**INPUT DATA:**
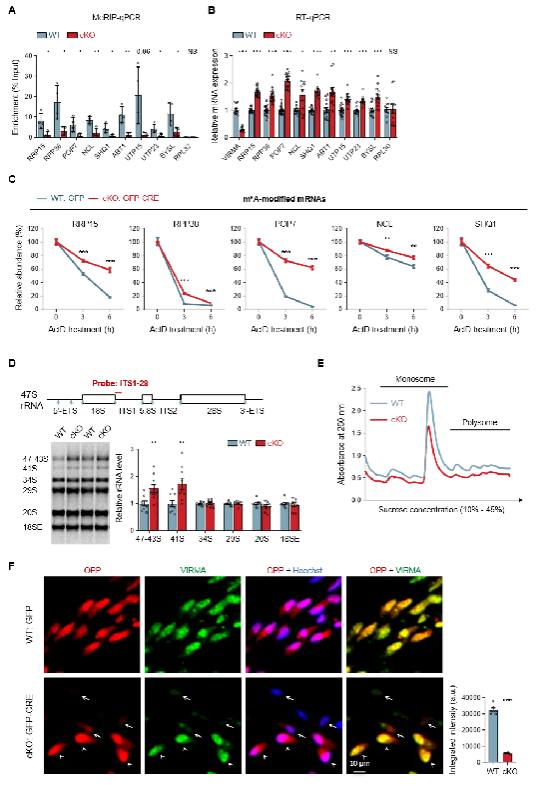 Figure 2. VIRMA Absence Triggers Ribosome Biogenesis Defects and Global Protein Translation Inhibition by Prolonging mRNA Half-Life of Key Ribosome Biogenesis Factors
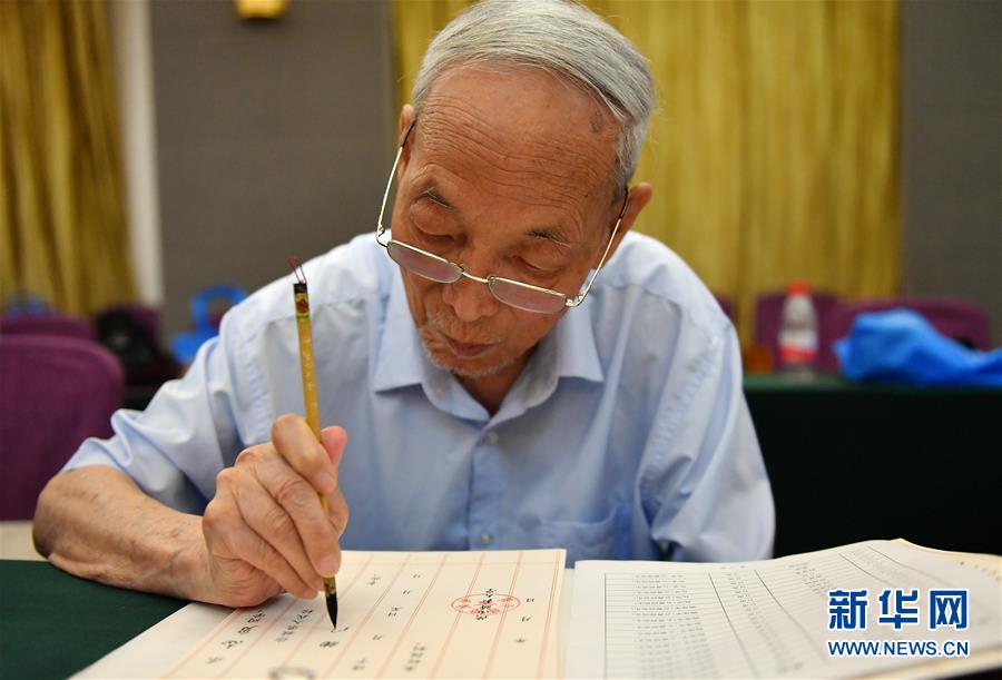 8月13日,陜西師范大學(xué)退休教師符有堂書寫錄取通知書。當(dāng)日,陜西師范大學(xué)2020年手寫錄取通知書正式開筆。該校自2007年起采用毛筆書寫錄取通知書的方式,為新生傳遞佳音。今年,學(xué)校十余位退休教師、在職教師、校友代表等書法愛好者將為約4500名新錄取的本科生送上帶著墨香的大學(xué)錄取通知書。新華社記者張博文攝
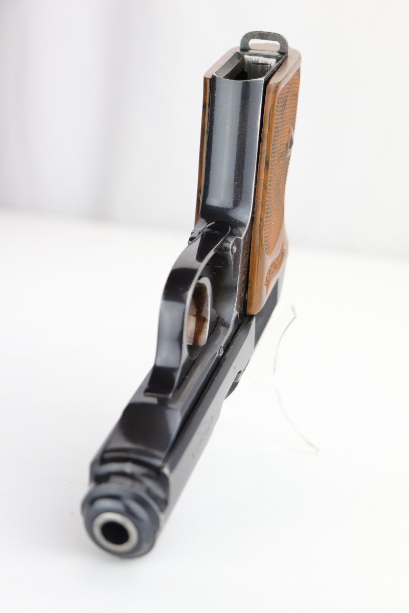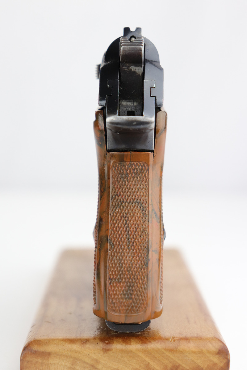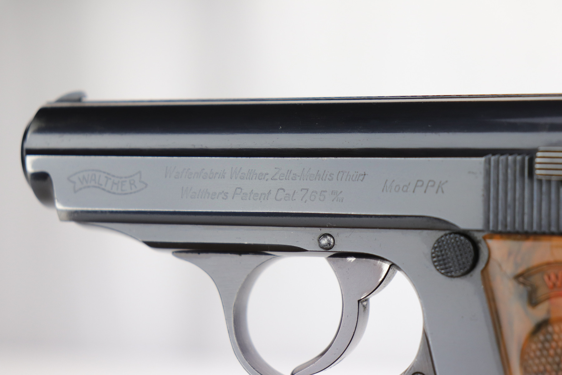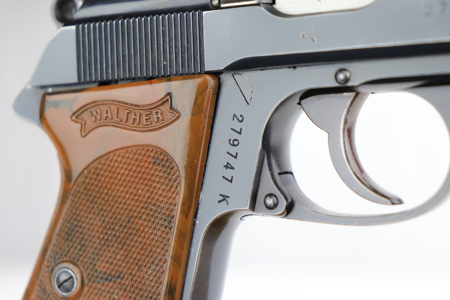 10/29/20 – This is a near-mint example of a scarce SS contract Walther PPK with the original, matching magazine. The gun has 97-98% of the high-polish blue remaining. There’s a bit of standard muzzle wear on each side of the slide, and minor thinning on the front strap. Mint bore and excellent grip with just a minuscule stress crack in the spine. It’s a variation 5 example with serial on slide and spine of magazine.
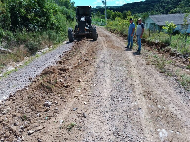 O prefeito Luiz Francisco Fagundes, e o supervisor de Obras, Marcone Jonei Machado, que respondem pela secretaria de Obras estiveram acompanhando os trabalhos, na tarde dessa terça-feira (30). Segundo eles, o trabalho de alargamento das estradas visa à melhoria no tráfego, permitindo maior visibilidade e segurança para os motoristas. Fagundes ressalta que também sendo aplicado material nas proximidades da residência da família Lazzari, em Linha Melchior, a fim de melhorar o escoamento da água.

**WHAT TO WORK ON:**
What you should repeat exactly is the run of lines from the top of the listing above through the line with "10/29/20 – This", without pictures.

**THE ANSWER:**
 Figure 2. VIRMA Absence Triggers Ribosome Biogenesis Defects and Global Protein Translation Inhibition by Prolonging mRNA Half-Life of Key Ribosome Biogenesis Factors
 8月13日,陜西師范大學(xué)退休教師符有堂書寫錄取通知書。當(dāng)日,陜西師范大學(xué)2020年手寫錄取通知書正式開筆。該校自2007年起采用毛筆書寫錄取通知書的方式,為新生傳遞佳音。今年,學(xué)校十余位退休教師、在職教師、校友代表等書法愛好者將為約4500名新錄取的本科生送上帶著墨香的大學(xué)錄取通知書。新華社記者張博文攝
 10/29/20 – This is a near-mint example of a scarce SS contract Walther PPK with the original, matching magazine. The gun has 97-98% of the high-polish blue remaining. There’s a bit of standard muzzle wear on each side of the slide, and minor thinning on the front strap. Mint bore and excellent grip with just a minuscule stress crack in the spine. It’s a variation 5 example with serial on slide and spine of magazine.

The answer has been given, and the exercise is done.